Nothing less than our utmost in fighting bird flu


    How the bird flu virus found its way to San Luis, Pampanga, some 64 kilometers north of Manila, seems irrelevant now. The fact is, the Department of Agriculture has confirmed an outbreak of avian flu, first detected in April in Barangay San Agustin.

    Because the A(H5) strain of the virus is highly contagious and could easily decimate the poultry population of Luzon, the Bureau of Animal Industry has declared a 1-kilometer quarantine radius from San Agustin, and a 7-km control area.

    Even if there are no confirmed cases of human infection in the country from this bird flu outbreak so far, the Department of Health has stepped up its surveillance on human flu-like illness in light of the human influenza outbreaks in Hong Kong and India earlier this year.

    The objective is to check if there has been any human case of infection particularly among those who may have been exposed to the virus in the affected areas. “Any person who becomes sick with fever and/or sore throat/cough and had exposure to these dead chickens should report to the local health center or nearest hospital for laboratory confirmation,” the Health department said.

    The persons most highly at risk are the poultry farm owners and workers. The poultry industry is a major economic activity in Pampanga, and Gov. Lilia Pineda has declared a state of calamity in the province of more than 2 million people.

    “For avian influenza viruses, the primary risk factor for human infection appears to be direct or indirect exposure to infected live or dead poultry or contaminated environments, such as live bird markets. Slaughtering, defeathering, handling carcasses of infected poultry, and preparing poultry for consumption, especially in household settings, are also likely to be risk factors,” according to the World Health Organization (WHO).
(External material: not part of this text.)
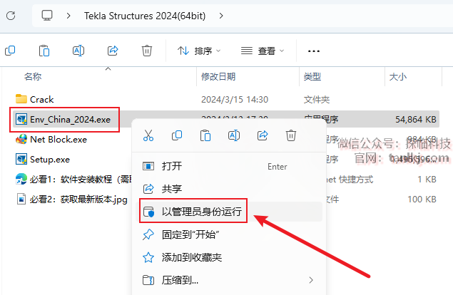 回到之前解压后的文件夹中,右键程序【Env_China_2024】,点击【以管理员身份运行】。
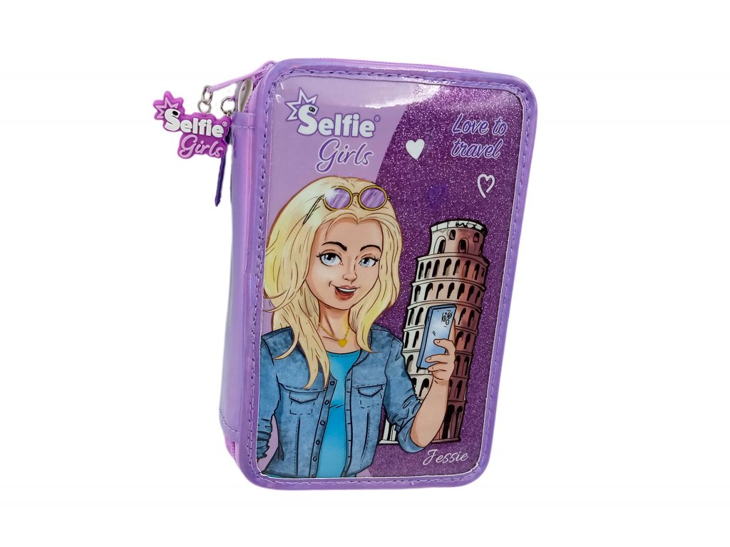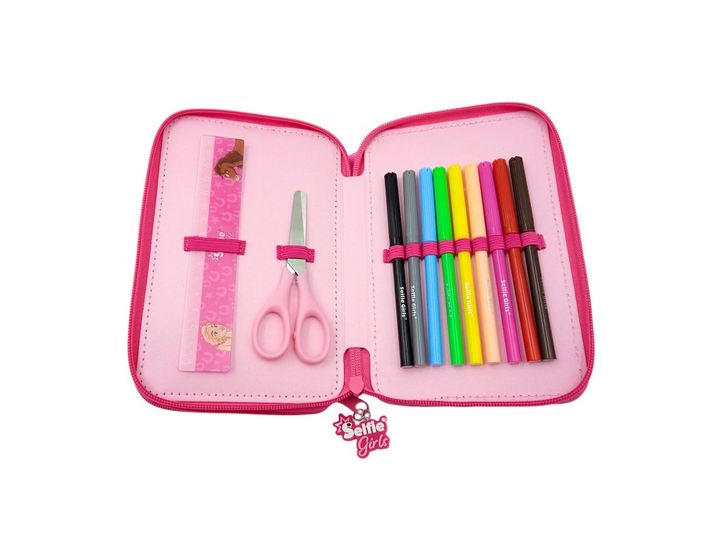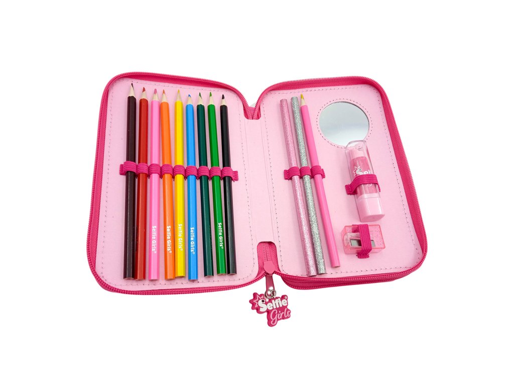 Třpytivý školní penál Selfie Girls jistě potěší každou malou školačku. Penál má dvě patra a obsahuje fixy, pastelky, tužky, gumu, pravítko, ořezávátko, nůžky a malé zrcátko.

    The government must not take the situation lightly. It must devote a significant number and amount of human and financial resources to stop the bird flu from spreading beyond the 7-km control zone and keep the population in check, before it could evolve into an epidemic with devastating consequences on the human population and the economy.

    In the November 2016 “Avian and other zoonotic influenza fact sheet,” the WHO could not be more explicit about the dangers of a bird flu outbreak.

    “To date, although human-to-human transmission of these viruses is thought to have occurred in some rare instances when there had been very close and prolonged contact between a very sick patient and caregivers such as family members, there has been no sustained human-to-human transmission. If these viruses adapt or acquire certain genes from human viruses, they could trigger a pandemic,” it said.

    It’s not because this is happening for the first time in the Philippines, which in the past flaunted and prided its status as a country free of the bird flu scourge. But the reality has shifted dramatically as avian influenza broke out right in our backyard, in Central Luzon, four months ago. The likelihood of human infection is not far from reality. It has happened elsewhere in the world, it can happen here.

    Studies have found there are many subtypes of avian influenza viruses, but only some strains of five subtypes can infect humans, namely, H5N1, H7N3, H7N7, H7N9 and H9N2. The specific subtype that has hit Pampanga is still being determined.

    The words of Agriculture Secretary Emmanuel Piñol, banning the transportation of poultry and poultry products from Luzon to other parts of the country, setting up checkpoints within the quarantine and control areas, and culling 200,000 chickens, quails and ducks are reassuring: the government appears to be doing all it can to keep the bird flu from spreading beyond San Luis.

    But the extent and efficiency of the measures being taken by the relevant government agencies—the Agriculture and Health departments and the Animal Industry bureau—against the avian disease remain to be seen. As we protect ourselves from possible contact with infected fowl, we also expect the government to do its utmost in keeping the avian flu outbreak from spreading.